### EXERCISE OBJECTIVE
Among the lines below, output only those between the line holding "Der Schuh ist" and the line holding "如果我们从地图上面来寻找拜县", inclusive, exactly as written and with no pictures.

(Beginning of DATASET)

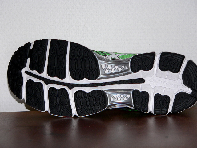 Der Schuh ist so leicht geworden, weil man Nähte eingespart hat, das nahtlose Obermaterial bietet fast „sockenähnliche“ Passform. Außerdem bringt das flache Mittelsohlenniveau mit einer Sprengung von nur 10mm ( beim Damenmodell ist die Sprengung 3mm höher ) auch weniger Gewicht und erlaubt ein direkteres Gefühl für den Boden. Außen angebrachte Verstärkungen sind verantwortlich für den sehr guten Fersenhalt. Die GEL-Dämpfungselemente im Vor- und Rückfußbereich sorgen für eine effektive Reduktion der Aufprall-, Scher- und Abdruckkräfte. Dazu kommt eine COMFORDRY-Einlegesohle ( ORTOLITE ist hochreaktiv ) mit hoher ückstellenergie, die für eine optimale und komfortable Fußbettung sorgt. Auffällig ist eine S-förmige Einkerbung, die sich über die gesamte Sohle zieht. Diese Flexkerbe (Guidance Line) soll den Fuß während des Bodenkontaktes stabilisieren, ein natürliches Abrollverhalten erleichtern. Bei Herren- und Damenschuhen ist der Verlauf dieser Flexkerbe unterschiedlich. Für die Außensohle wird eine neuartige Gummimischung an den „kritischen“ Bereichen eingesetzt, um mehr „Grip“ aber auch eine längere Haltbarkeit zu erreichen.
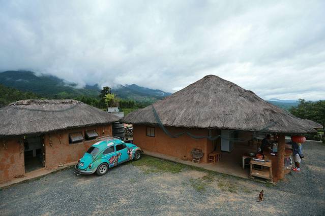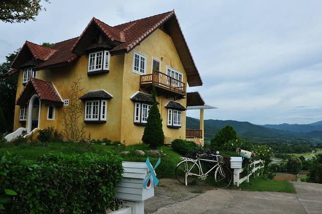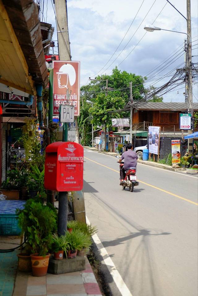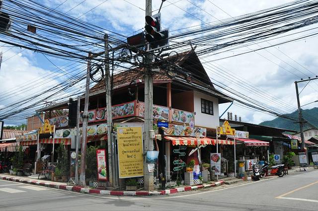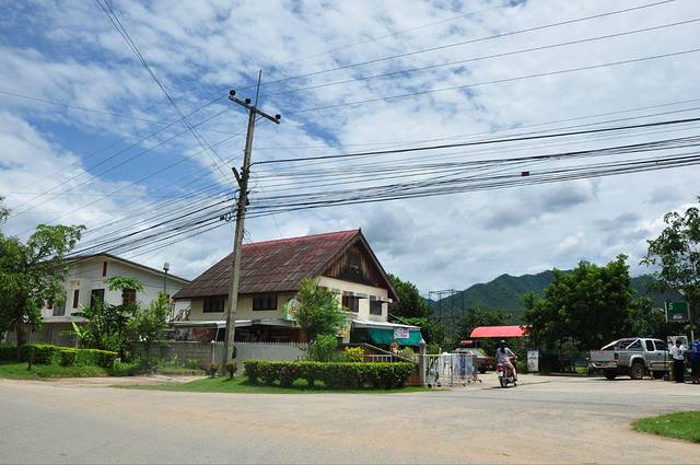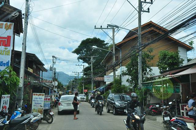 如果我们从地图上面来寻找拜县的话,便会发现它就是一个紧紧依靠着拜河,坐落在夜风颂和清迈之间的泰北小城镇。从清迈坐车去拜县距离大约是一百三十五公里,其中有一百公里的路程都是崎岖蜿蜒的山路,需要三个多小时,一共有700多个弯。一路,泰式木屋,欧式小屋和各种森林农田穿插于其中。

(End of DATASET)
(Beginning of DATASET)

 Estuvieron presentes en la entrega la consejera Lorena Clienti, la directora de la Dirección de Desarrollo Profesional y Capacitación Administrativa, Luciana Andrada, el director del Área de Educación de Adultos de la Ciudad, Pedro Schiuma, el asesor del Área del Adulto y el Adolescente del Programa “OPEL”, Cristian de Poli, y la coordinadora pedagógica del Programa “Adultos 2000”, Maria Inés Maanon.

(End of DATASET)

### EXPECTED ANSWER
 Der Schuh ist so leicht geworden, weil man Nähte eingespart hat, das nahtlose Obermaterial bietet fast „sockenähnliche“ Passform. Außerdem bringt das flache Mittelsohlenniveau mit einer Sprengung von nur 10mm ( beim Damenmodell ist die Sprengung 3mm höher ) auch weniger Gewicht und erlaubt ein direkteres Gefühl für den Boden. Außen angebrachte Verstärkungen sind verantwortlich für den sehr guten Fersenhalt. Die GEL-Dämpfungselemente im Vor- und Rückfußbereich sorgen für eine effektive Reduktion der Aufprall-, Scher- und Abdruckkräfte. Dazu kommt eine COMFORDRY-Einlegesohle ( ORTOLITE ist hochreaktiv ) mit hoher ückstellenergie, die für eine optimale und komfortable Fußbettung sorgt. Auffällig ist eine S-förmige Einkerbung, die sich über die gesamte Sohle zieht. Diese Flexkerbe (Guidance Line) soll den Fuß während des Bodenkontaktes stabilisieren, ein natürliches Abrollverhalten erleichtern. Bei Herren- und Damenschuhen ist der Verlauf dieser Flexkerbe unterschiedlich. Für die Außensohle wird eine neuartige Gummimischung an den „kritischen“ Bereichen eingesetzt, um mehr „Grip“ aber auch eine längere Haltbarkeit zu erreichen.
 如果我们从地图上面来寻找拜县的话,便会发现它就是一个紧紧依靠着拜河,坐落在夜风颂和清迈之间的泰北小城镇。从清迈坐车去拜县距离大约是一百三十五公里,其中有一百公里的路程都是崎岖蜿蜒的山路,需要三个多小时,一共有700多个弯。一路,泰式木屋,欧式小屋和各种森林农田穿插于其中。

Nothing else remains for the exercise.